The error after running the above command is :

Output : 481384it [00:11, 41781.69it/s]
0%| | 0/15044 [00:00<?, ?it/s]
Traceback (most recent call last):
File "/Applications/anaconda3/envs/pyserini/lib/python3.8/runpy.py", line 194, in _run_module_as_main
return _run_code(code, main_globals, None,
File "/Applications/anaconda3/envs/pyserini/lib/python3.8/runpy.py", line 87, in _run_code
exec(code, run_globals)
File "/Applications/anaconda3/envs/pyserini/lib/python3.8/site-packages/pyserini/encode/main.py", line 138, in
'texts': batch_info['text'],
KeyError: 'text'

I tried to inspect the main.py
in pyserini/encode , the parser for "field" argument is :
input_parser.add_argument('--fields', help='fields that contents in jsonl has (in order)', nargs='+', default=['text'], required=False)
After this parsing,

collection_iterator = JsonlCollectionIterator(args.input.corpus, args.input.fields, args.input.docid_field, delimiter)
with embedding_writer:
        for batch_info in collection_iterator(batch_size, args.input.shard_id, args.input.shard_num):
            kwargs = {
                'texts': batch_info['text'],
                'titles': batch_info['title'] if 'title' in args.encoder.fields else None,
                'expands': batch_info['expand'] if 'expand' in args.encoder.fields else None,
                'fp16': args.encoder.fp16,
                'max_length': args.encoder.max_length,
                'add_sep': args.encoder.add_sep,
            } 

It means that the collection iterator mandatorily expects "text" field, can store "title" field and "expands" field. Is it possible to expand it to any number of desired fields? Thanks!

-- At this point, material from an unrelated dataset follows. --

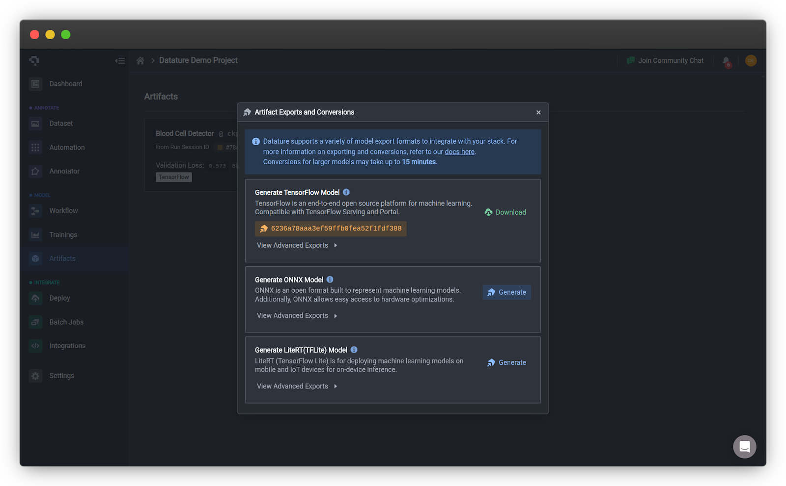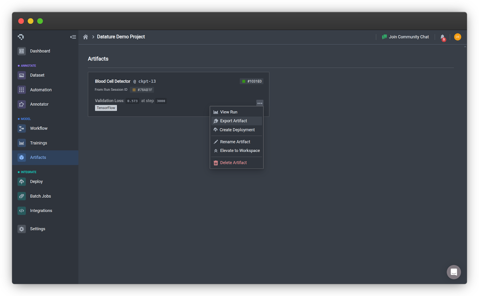 - Click Export Artifact on your trained model
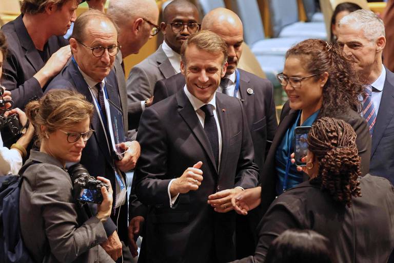 O presidente da França, Emmanuel Macron (centro), durante chegada a evento sobre a solução de dois Estados na sede da ONU, em Nova York – Ludovic Marin/AFP

Hi! If your goal is to encode an entire piece of text, there's no need to specify --fields under input or encoder. Simply aggregating everything into the contents and stripping away any delimiters through your preprocessing scripts should suffice.

The parameter encoder --fields <fields supported by your encoder> is used to direct the encoder on which inputs to consider. For instance, tct-colbert can process texts (the default argument for Pyserini text encoders) as well as titles. Various encoders might accept different types of input fields, provided they have been appropriately trained on such data. For example, unicoil can also process expands.

Got it. Thanks.